Timing matters with this drug. Because cholestyramine binds so aggressively to substances in your gut, it can interfere with the absorption of other medications you take by mouth. The standard guidance is to take other medications at least one hour before or four to six hours after your cholestyramine dose. If you take multiple prescription drugs, planning your daily schedule around these windows is essential to making sure your other medications still work properly.

Common Side Effects

The most frequent complaints are digestive. Constipation is the side effect people notice most, since cholestyramine is literally pulling water-attracting bile acids out of the intestines.

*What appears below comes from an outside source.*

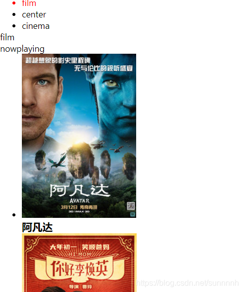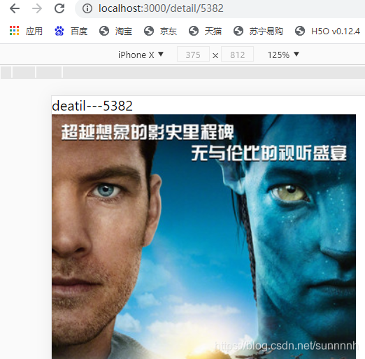 (3)点击nowplaying中的电影,将其详细信息显示到detail页面

Bloating, gas, nausea, and stomach discomfort are also common, especially when starting treatment or increasing the dose. These symptoms often improve over the first few weeks as your body adjusts, and starting at a lower dose helps minimize them.

Because cholestyramine prevents the absorption of bile acids, it can also interfere with how your body absorbs fat-soluble vitamins: A, D, E, and K. These vitamins depend on bile acids for proper digestion and uptake. If you take cholestyramine long-term, your doctor may check your vitamin levels periodically and recommend supplements if needed. Vitamin K depletion is particularly worth watching for because it affects blood clotting.

Who Typically Gets Prescribed Cholestyramine

In practice, cholestyramine is prescribed to a broader range of patients than its FDA label suggests. You might be started on it if you have persistent diarrhea after gallbladder surgery, unexplained chronic diarrhea that fits the pattern of bile acid malabsorption, high cholesterol that needs additional lowering beyond what other drugs achieve, or itching from a liver condition like primary biliary cholangitis.

It’s not absorbed into your bloodstream, which is part of what makes it appealing for certain patients. The drug stays entirely in your digestive tract, does its binding work there, and leaves your body in your stool. That local action means it avoids many of the systemic side effects associated with drugs that enter the bloodstream, though the tradeoff is the GI discomfort and the medication-timing challenges it creates.